Quillen College of Medicine

Center of Excellence in Inflammation, Infectious Disease and Immunity

Dr. Matthew Zahner and Dr. Eric Beaumont collaborate on R15 funded by National Heart, Lung, and Blood Institute

The College of Public Health at East Tennessee State University recently published the following announcement regarding  R15 funding awarded to Drs. Matthew Zahner and Eric Beaumont.

 

ZahnerBeaumont

 

Dr. Matthew Zahner (left) and Dr. Eric Beaumont (right)

 

    “Dr. Matthew Zahner, Assistant Professor in the East Tennessee State University College of Public Health’s Department of Health Sciences, and Dr. Eric Beaumont, Associate Professor in the Quillen College of Medicine’s Department of Biomedical Science received a National Institutes of Health Research Enhancement Award (R15) to study myocardial ischemia.

     Myocardial ischemia occurs when blood flow to the heart is reduced, preventing it from receiving enough oxygen. The reduced blood flow is usually the result of a partial or complete blockage of coronary arteries.  It is associated with dangerous cardiovascular reflex, the cardiogenic sympathetic afferent reflex, which is characterized by profound activation of the sympathetic nervous system which increases blood pressure and heart rate.

     Research in Dr. Zahner’s laboratory focuses on how the brain regulates blood pressure and reflex activity of the sympathetic nervous system.  They have previously described the nerve fibers that innervate the heart and areas of the brain involved in the cardiogenic sympathetic afferent reflex.  However, the pathways are complex and more research on the areas of the brain responsible for generating the sympathetic reflex activity in the cardiogenic sympathetic afferent reflex is needed.
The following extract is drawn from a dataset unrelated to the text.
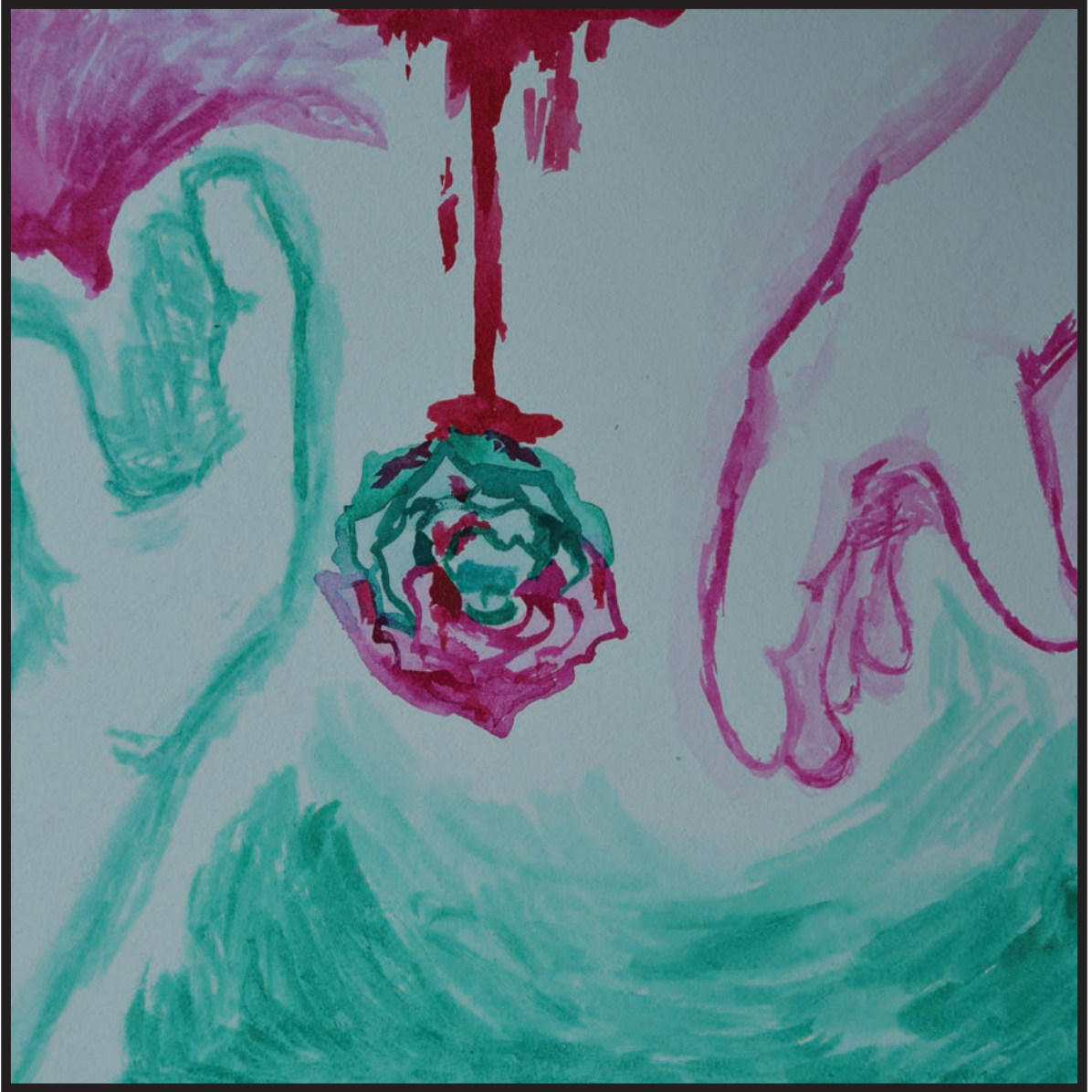
Up Dog by Sydney Pricher

Collaborative research by Dr. Zahner’s and Dr. Beaumont’s laboratory will provide much-needed information on hypothalamic and brain stem regulation, as well as the neurotransmitters, anatomic subnuclei, and activation characteristics of the central nervous system in the control of blood pressure after myocardial ischemia.
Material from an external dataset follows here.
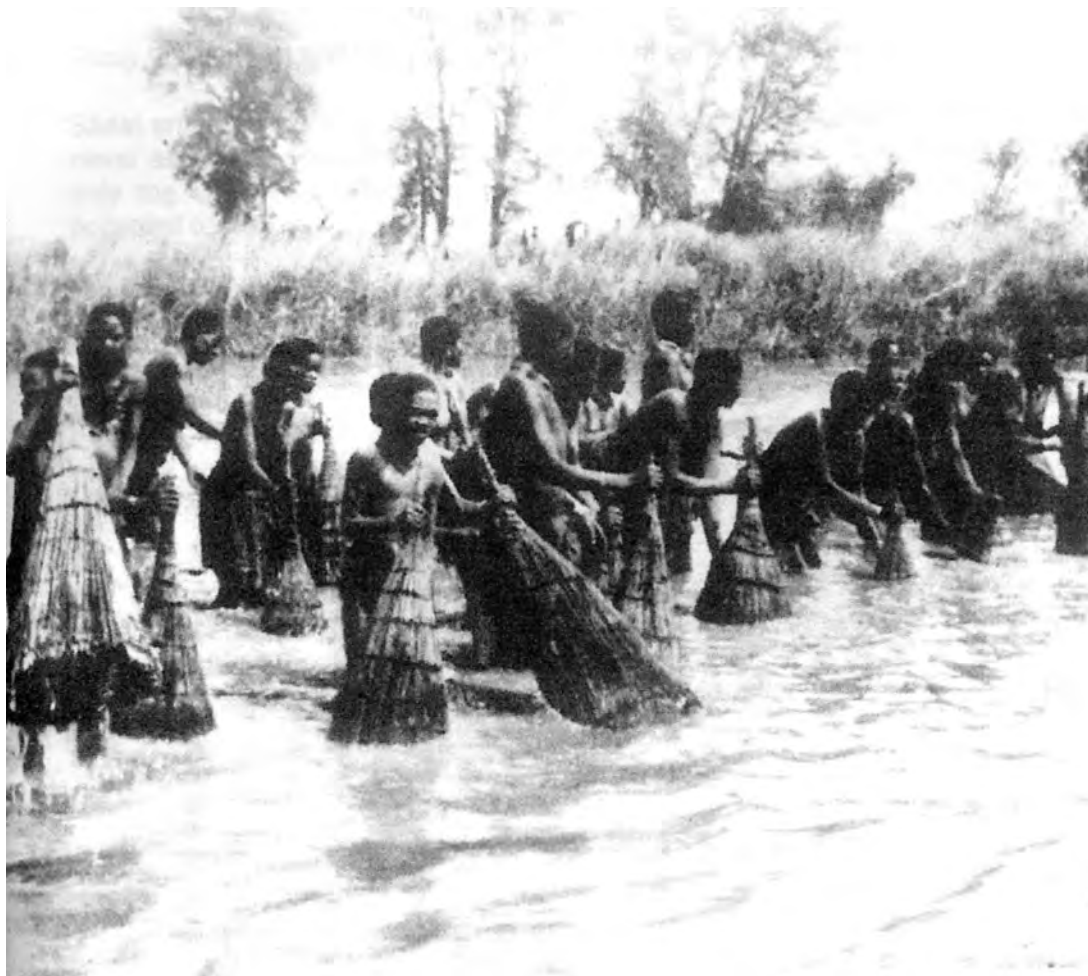
A photograph showing Namibians fishing. It was taken in the late-nineteenth century.

19 Study the photograph, and then answer the questions which follow.

     The goals of the R15 NIH Research Enhancement Award program are to support meritorious work and, at the same time, expose students to research and strengthen the research environment of the host institutions.  In keeping with the ETSU College of Public Health’s commitment to providing undergraduate students the opportunity to engage in meaningful research, students in the Zahner lab are directly involved in assisting or performing experimental surgery, histology, and data collection that lead to scientific presentations, honors theses, and peer-reviewed publications.”

 

     The Center of Excellence in Inflammation, Infectious Disease, and Immunity congratulates these Center members on their new award.

 

Dr. Chuanfu Li has received his fourth NIH RO1 competitive renewal for research exploring mechanisms and treatments for heart attacks

 

     LiCardiovascular disease (CVD) is the number one killer in the United States.  Every year 735,000 American have a heart attack (myocardial ischemic injury).  Within this group, 525,000 are a first heart attack and 210,000 occur in individuals who had a previous heart attack. Reducing the morbidity and mortality associated with heart attacks would benefit millions of Americans. 
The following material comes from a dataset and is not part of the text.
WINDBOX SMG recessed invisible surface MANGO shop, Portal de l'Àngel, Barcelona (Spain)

     The research project, “Role of Toll-Like Receptor Signaling in Cardiac Ischemia,” was initially funded by the National Heart, Lung, and Blood Institute of the National Institutes of Health in 2003 and has successfully been renewed for four funding cycles.  Dr. Li explains, “The long-term goals of our research are to elucidate the mechanisms related to ischemia/reperfusion (I/R) - induced heart tissue injury and to develop effective therapeutic approaches for the prevention and/or treatment of heart attacks.” The research completed during each cycle has revealed new and novel information that furthers our understanding of the mechanisms that play both protective and injurious roles in the event of heart attack.  In the first funding period, Dr. Li and his team demonstrated that Toll Like receptor 4 (TLR4) plays a deleterious role in myocardial ischemic injury, while modulation of TLR2 protects against I/R induced myocardial injury. In the second funding period, the researchers found that PI3K/Akt/mTOR is an important signaling pathway that regulates TLR mediated NF-kB pathway in the ischemic heart. In the third funding period, they established that exosomes carrying microRNAs play an important role in mediating crosstalk between PI3K/Akt/mTOR signaling and TLR/NF-kB pathway during cardiac ischemia/reperfusion. In this newly funded grant period, Dr. Li and fellow researchers will investigate how exosomes regulate crosstalk between endothelial cells and macrophages during myocardial ischemic injury.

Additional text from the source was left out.